Shell joined BP in announcing it will leave all its Russian operations, including a major liquefied natural gas plant, following on Moscow's invasion of Ukraine. Earlier BP also abandoned its share in Russian oil giant Rosneft, a move that could cost the British company over US$25 billion.
Norway's Equinor, majority-owned by the Norwegian state, also said that it would start divesting from its joint ventures in Russia. That came after the country's sovereign wealth fund, the world's largest, said on Sunday it would divest its Russian assets.
Shell said in a statement it will quit the flagship Sakhalin 2 LNG plant in which it holds a 27.5% stake, and which is 50% owned and operated by Russian gas giant Gazprom .
Shell said the decision to exit Russian joint ventures will lead to impairments.

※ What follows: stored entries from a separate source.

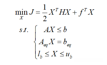 2.Matlab中二次规划quadprog的标准形式为:
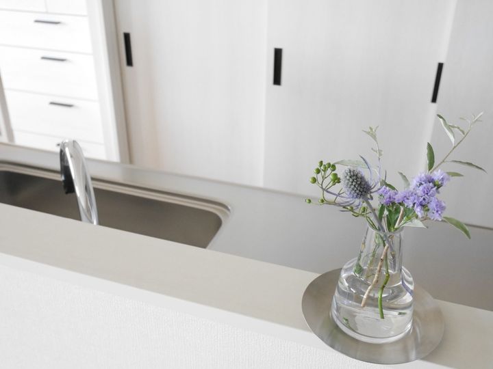 キッチンカウンターなど、キッチンからよく見える場所に花や植物を置くことで、心にゆとりが生まれて、料理へのモチベーションUPにつながりますよ。
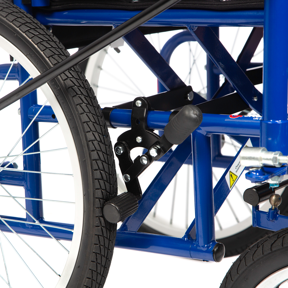 Оснащена рычажным механизмом, позволяющим самостоятельно управлять коляской, меняя скорость передвижения и направление.
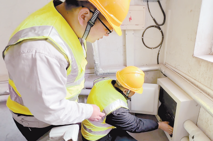 11月8日,在管道局第一生活区,身穿灰色工作服的供水公司工作人员手提工具箱穿梭在小区各单元之间。他们仔细检查每个单元低楼层供水管道和水表箱保温防护情况。
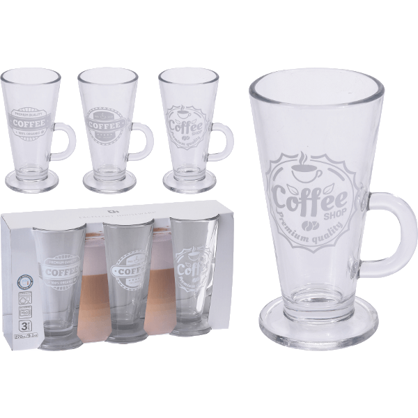 Latte Macchiato pohár szett 3 db/ szett, 270 ml, anyaga: üveg

Shell had around US$ 3 billion in non-current assets in these ventures in Russia at the end of 2021, it said.
We are shocked by the loss of life in Ukraine, which we deplore, resulting from a senseless act of military aggression which threatens European security, Shell Chief Executive Ben van Beurden said in a statement.
Rival BP's Chief Executive Bernard Looney called an urgent meeting with his leadership team last Thursday, just hours after the first Russian bombs fell on Ukrainian capital Kyiv. During the meeting, Looney made it clear the company's investment in Rosneft had become untenable, the sources said.

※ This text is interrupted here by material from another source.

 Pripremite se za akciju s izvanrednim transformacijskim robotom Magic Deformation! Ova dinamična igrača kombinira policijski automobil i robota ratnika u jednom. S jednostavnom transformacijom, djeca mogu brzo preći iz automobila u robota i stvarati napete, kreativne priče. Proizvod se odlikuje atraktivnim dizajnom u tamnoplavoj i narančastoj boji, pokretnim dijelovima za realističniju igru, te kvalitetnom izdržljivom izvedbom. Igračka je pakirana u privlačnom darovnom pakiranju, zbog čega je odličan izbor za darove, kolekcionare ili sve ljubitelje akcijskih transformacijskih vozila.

There was only one decision we could make, a BP source said. The exit was the only viable way.
Looney held two more board meetings at the weekend, after which board members voted to immediately exit the Rosneft stake.
Looney also spoke to British Business Secretary Kwasi Kwarteng on Friday, when Kwarteng expressed his concern about BP's interests in Russia. Kwarteng welcomed BP's decision to exit on Twitter on Sunday. Kwarteng had a similar message for Shell on Monday.

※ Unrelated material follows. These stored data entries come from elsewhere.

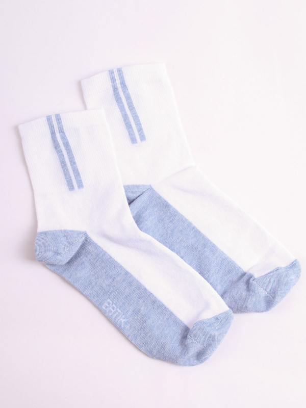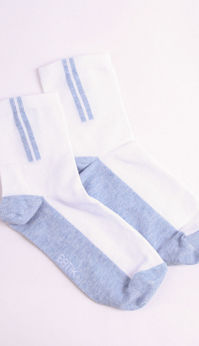 Носки детские batik бело-голубые с полосками и высоким паголенком. Носки имеют смешанный состав, благодаря чему на них не образуются катышки и они являются более износостойкими. Также носки batik являются износостойкими и не удерживают влагу, благодаря чему нога останется сухой в течение длительного времени.
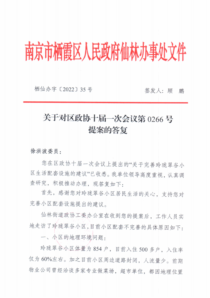 關于對區政協十屆一次會議第0266號提案的答復
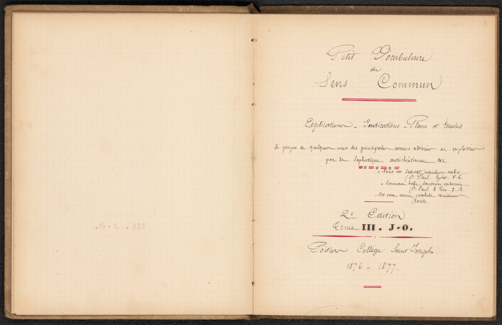 Notes : Il s'agit du troisième volume, d'une série de quatre, d'un dictionnaire notionnel, du Révérend Père Georges Longhaye, adressé à Henry Taudière, élève de terminale scolarisé au collège Saint-Joseph de Poitiers, durant l'année 1876 à 1877 ; établissement où l'auteur professe la grammaire, la rhétorique, les humanités, ainsi que son Cours supérieur de littérature et son Cours public d'apologétique.

The Sakhalin 2 project, located off Russia's northeastern coast is huge, producing around 11.5 million tons of LNG per year, which is exported to major markets including China and Japan.
For Shell, the world's largest LNG trader, leaving the project deals a blow to its plans to supply gas to fast-growing markets in the coming decades. Shell said the Russia exit will not affect its plans to switch to low-carbon and renewable s energy.